The tool currently has three main commands: pulse, analyze and vacuum.

The pulse command runs a number of tests that help determine the overall health of the Looker instance. Among the tests are: connection checks, which confirm that all connections are in working order; query history checks to determine if there are any whose runtime stands out; the use of any legacy features; schedule plans health; and finally, whether the latest version of Looker is being used.

The analyze command gives the ability to scan projects, models and explores. With projects, it scans their content as well as checks for the status of quintessential features for success such as the git connection status and validation requirements. Whereas with models and explores, it provides statistics around unused explores, joins and fields as well as query count.
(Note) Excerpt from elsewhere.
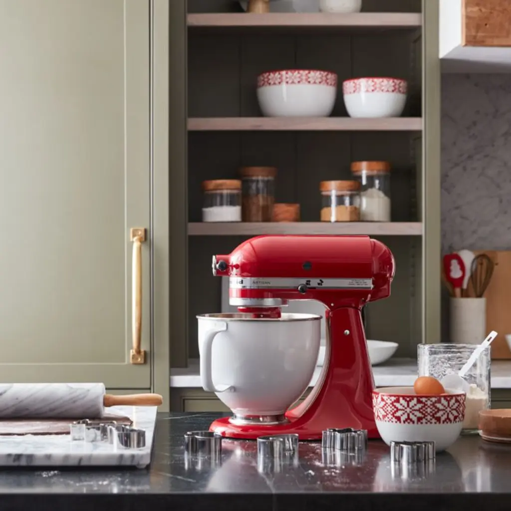 Energize your kitchen decor with KitchenAid's Artisan Series stand mixer in gleaming red. A coveted classic for a reason, the mixer boasts a handled stainless steel bowl that accommodates enough batter to make up to nine dozen cookies at one time. And you can add attachments to shred chicken, churn ice cream or roll out fresh pasta. KitchenAid's heavy-duty power and planetary mixing action spiral the beater to 59 touch points for quick and complete mixing, and the 10-speed control provides settings from very slow stirring to gentle kneading to fast beating. The tilt-head design and easy-install pouring shield make adding ingredients easy and mess-free, while the included wire whip, flat beater and dough hook can handle any recipe. This timeless mixer offers versatility and time-tested durabilityand looks stunning on your kitchen counter.KitchenAid has been crafting high-quality kitchenware for over a century.

Finally, the vacuum command can be used with models and explores and it outputs a list of unused content based on predefined criteria. As an example, if we want to find out what fields are unused in the cohorts explore in the model thelook, we can obtain this by running:

$ henry vacuum explores --model thelook --explore cohorts
which yields:

| model   | explore   | unused_joins   | unused_fields                |
|---------+-----------+----------------+------------------------------|
| thelook | cohorts   | N/A            | order_items.created_date     |
|         |           |                | order_items.id               |
|         |           |                | order_items.total_sale_price |
+---------+-----------+----------------+------------------------------+

The Setup

Henry is on PyPI and the easiest way to install it is by running
pip install henry.

If interested in the implementation or in contributing, the source code can be found in the Looker Open Source Repo on GitHub. Henry is developed and mantained by Joseph Axisa, aka @jax.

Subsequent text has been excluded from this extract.